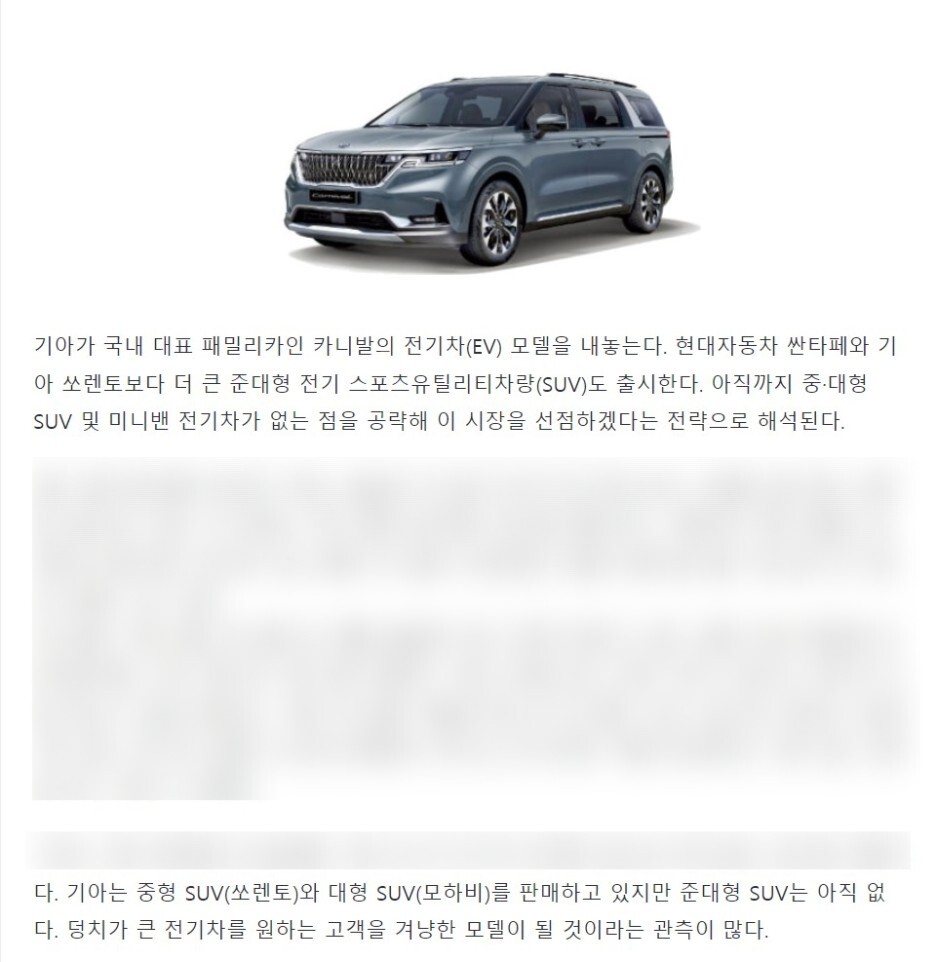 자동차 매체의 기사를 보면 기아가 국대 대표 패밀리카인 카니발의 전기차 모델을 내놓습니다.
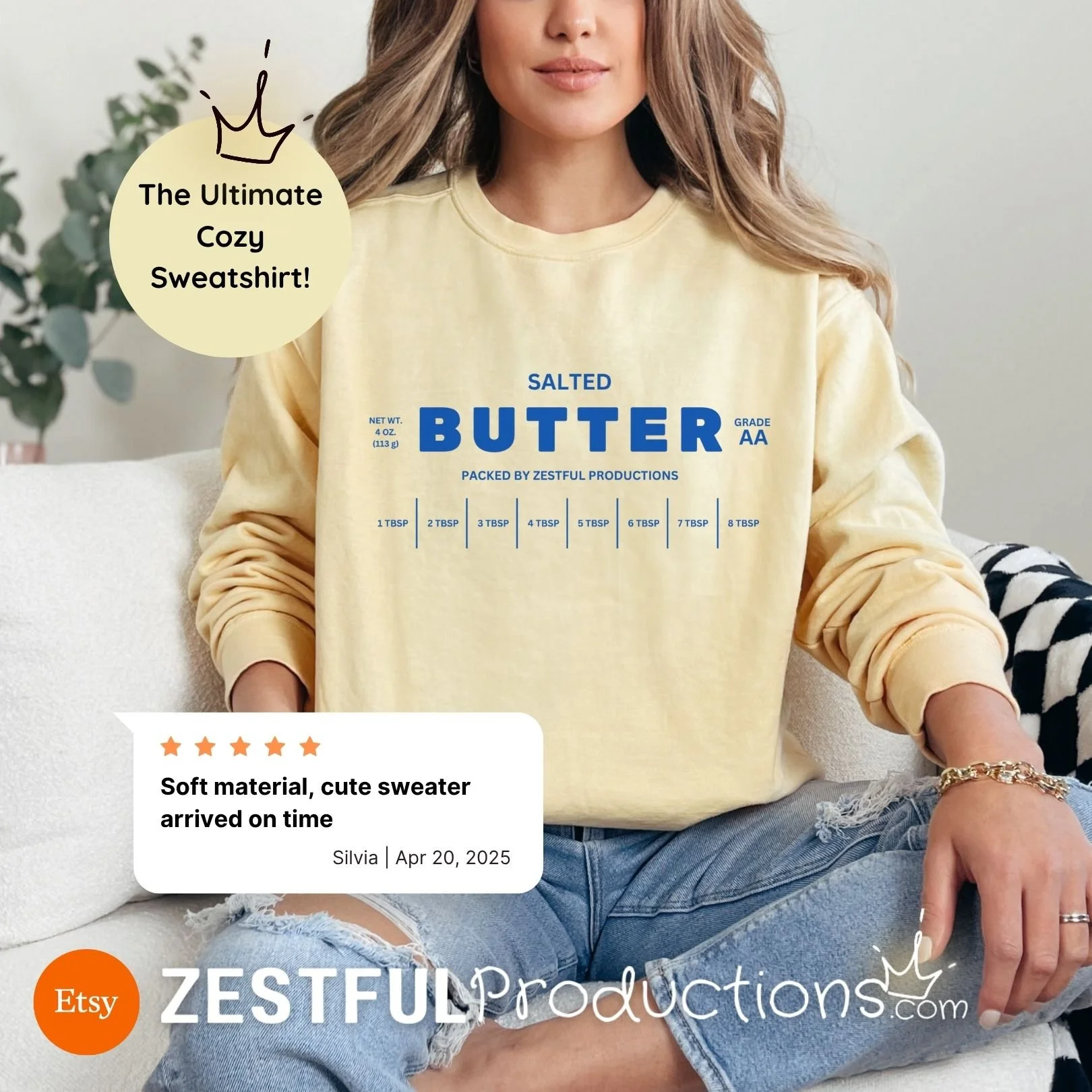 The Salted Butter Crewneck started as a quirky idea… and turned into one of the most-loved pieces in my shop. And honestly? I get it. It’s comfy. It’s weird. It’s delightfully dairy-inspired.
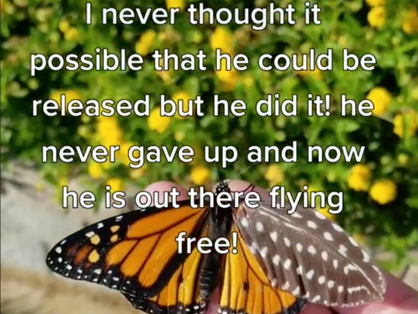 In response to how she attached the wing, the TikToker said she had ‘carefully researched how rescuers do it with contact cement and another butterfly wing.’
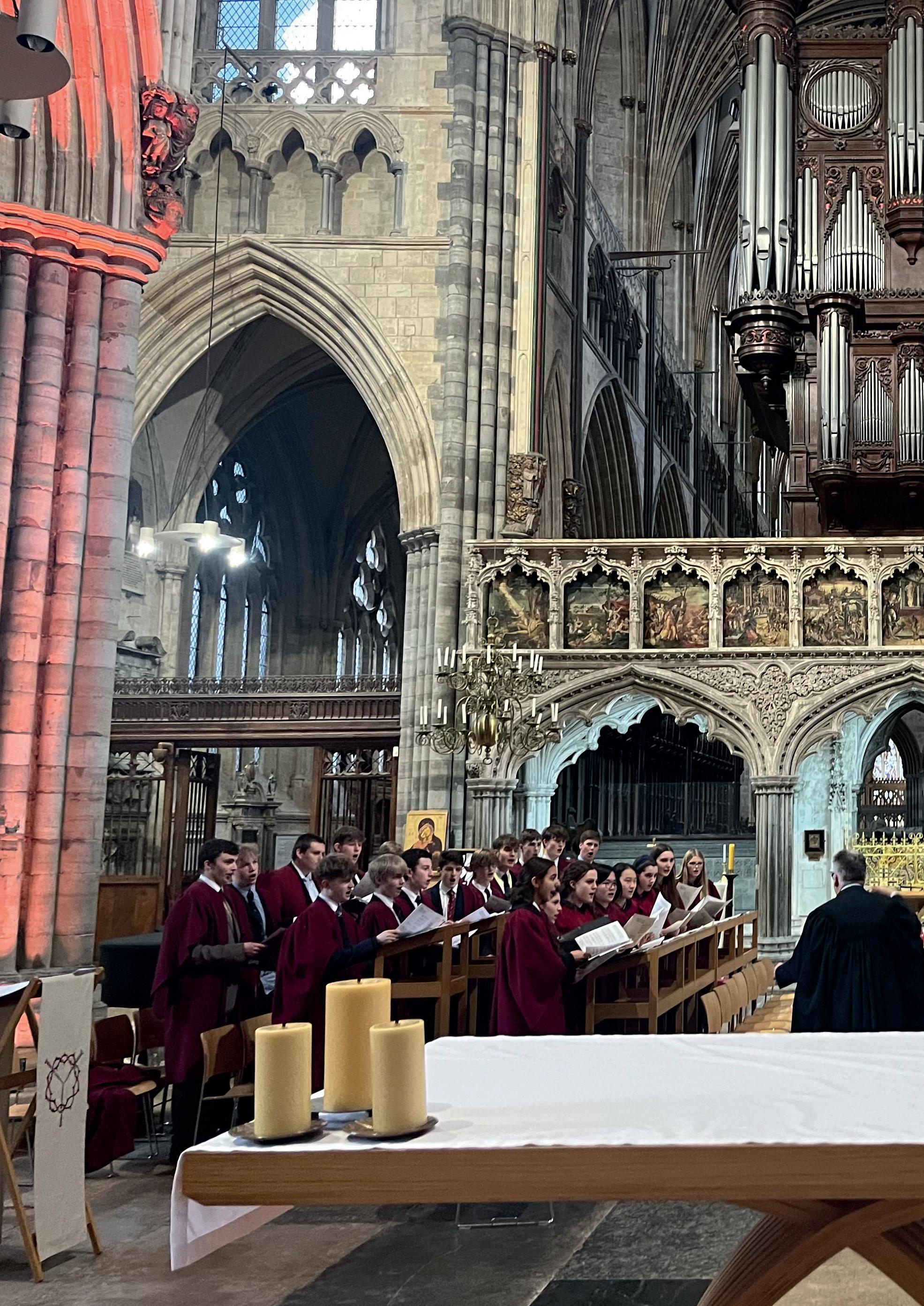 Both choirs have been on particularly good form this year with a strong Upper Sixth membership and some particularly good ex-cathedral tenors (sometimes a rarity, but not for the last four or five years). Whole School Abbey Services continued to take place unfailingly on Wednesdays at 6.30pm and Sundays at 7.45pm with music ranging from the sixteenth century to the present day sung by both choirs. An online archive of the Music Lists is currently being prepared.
##############################
§ **What you have to do**
Find the line containing "In response to" in the listing above. Restate it and every line after it, word for word, through the final line, leaving out the pictures.

§ **Task answer**
 In response to how she attached the wing, the TikToker said she had ‘carefully researched how rescuers do it with contact cement and another butterfly wing.’
 Both choirs have been on particularly good form this year with a strong Upper Sixth membership and some particularly good ex-cathedral tenors (sometimes a rarity, but not for the last four or five years). Whole School Abbey Services continued to take place unfailingly on Wednesdays at 6.30pm and Sundays at 7.45pm with music ranging from the sixteenth century to the present day sung by both choirs. An online archive of the Music Lists is currently being prepared.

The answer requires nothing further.